My eyes widen than narrowed. Some of my most charismatic friends are 10 years older than me. In fact most of them age better than wine….

‘PPQ, 7 years is pretty short, considering you aren’t that young yourself.’ I twisted the knife in slowly.

‘But I can’t look at him in THAT way!’ she confessed.

‘What way?’

‘I mean, I can’t consider him at all, he’s just too old for me.’

‘wait a minute.’ I had a thought. ‘So how was the date, really? Was it nice?’

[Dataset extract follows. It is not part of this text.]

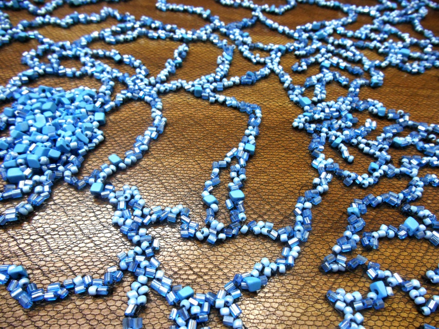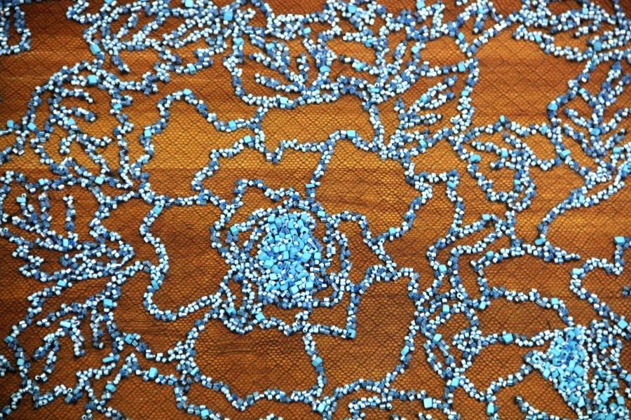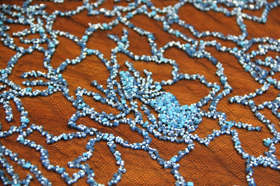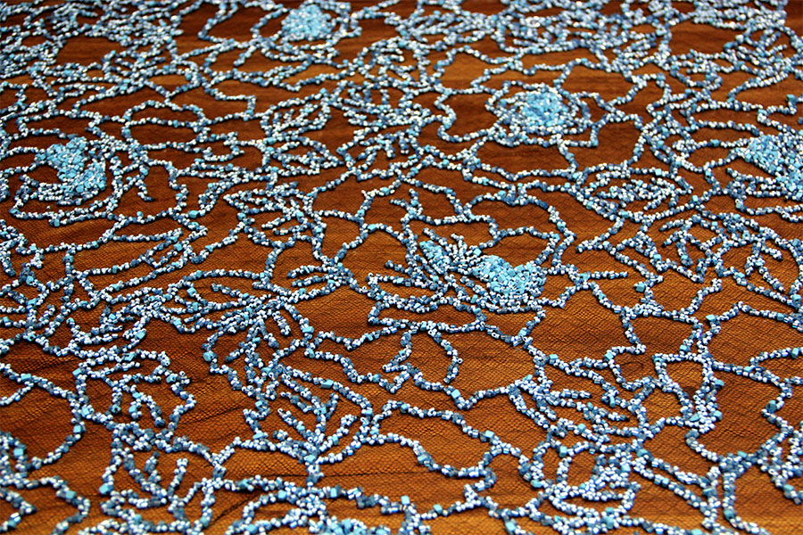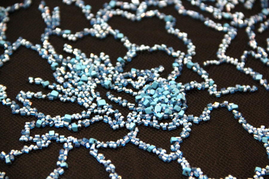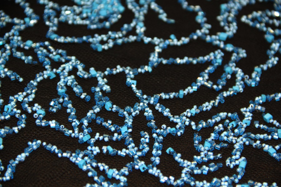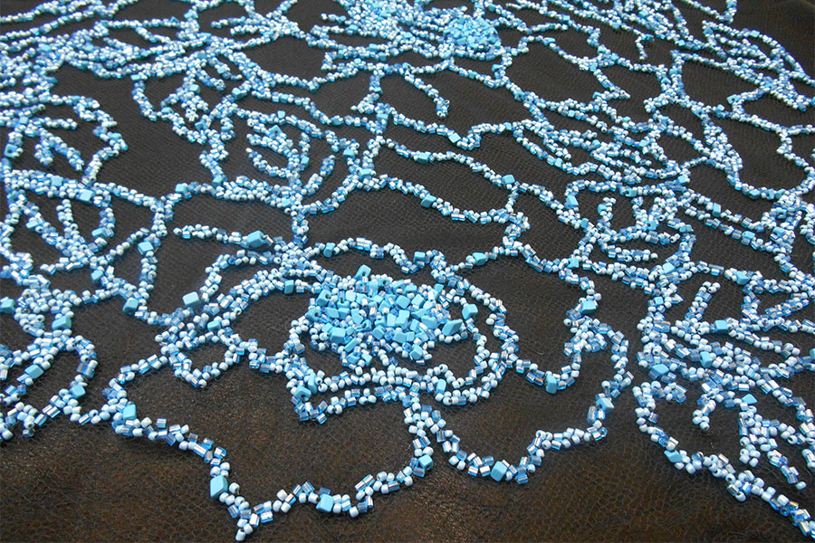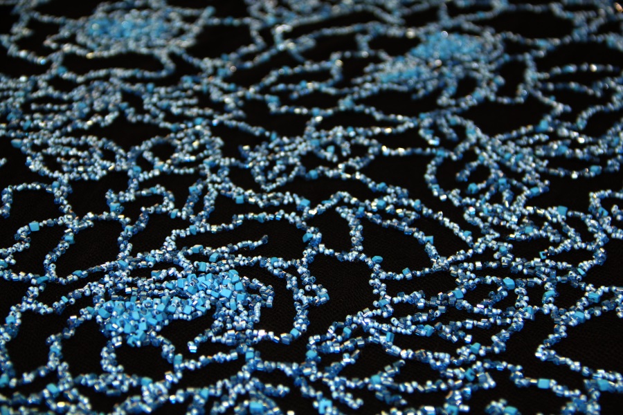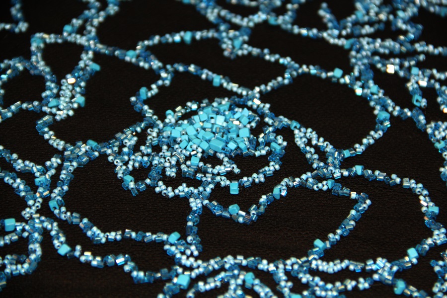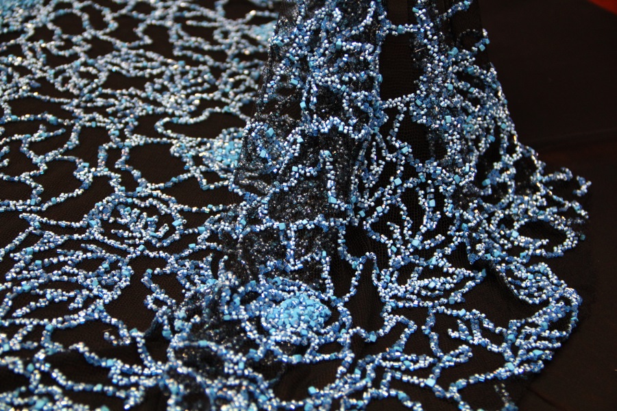 ESCLUSIVO TULLE IN SETA PURA RICAMATO A MANO CON PIETRE DURE E TUBICINI IN VETRO. BASE TULLE NERO EFFETTO RETINA CON RICAMI A FORMARE UN DISEGNO A FIORI STILIZZATI, EFFETTO RAMI DI CORALLO. MATERIALI DI RICAMO ESCLUSIVI E PREZIOSI, CON ALTERNARSI DI PIETRE DURE AD EFFETTO LUMINOSO ED OPACO. POSSIBILITA’ DI UTILIZZO PER APPLICAZIONI, INTARSI, CASACCHE, TOP, ECC. ACQUISTO MINIMO CM 30.

‘Yes, it was great! I had lots of fun.’

‘Fun until you found out he’s 7 years older than you.’I accused.

‘AKK,‘ She huffed. ‘I’m not as shallow as you think. I just gradually felt like I was talking to my 2nd uncle as the night wore on’

‘Yes,' I persisted. ‘AFTER you knew about his age.’

'I’m not like that, ‘ She replied quietly.

‘I just want you to know that there is nothing wrong with just making friends, be they older, younger, shorter, plumper, cuter, uglier. I’m just saying that you should just learn how to make friends first rather than make boyfriends out of these new friends. In fact, only when you love yoourself can you find somebody who can love you back the way you want. And Singlehood is the best situation to start loving yourself more.’ Once again, I thought of Jill and her composed and happy demeanor.

PPQ’s eyes misted again. While a part of me grew more disgusted with her with each passing day, another part of me constantly beats me up for forgetting who and what she is. I seem to always forget that we are all different and we think differently and while PPQ may never be a friend of mine because we think from 2 polars, doesn’t mean I should force her to accept my own views.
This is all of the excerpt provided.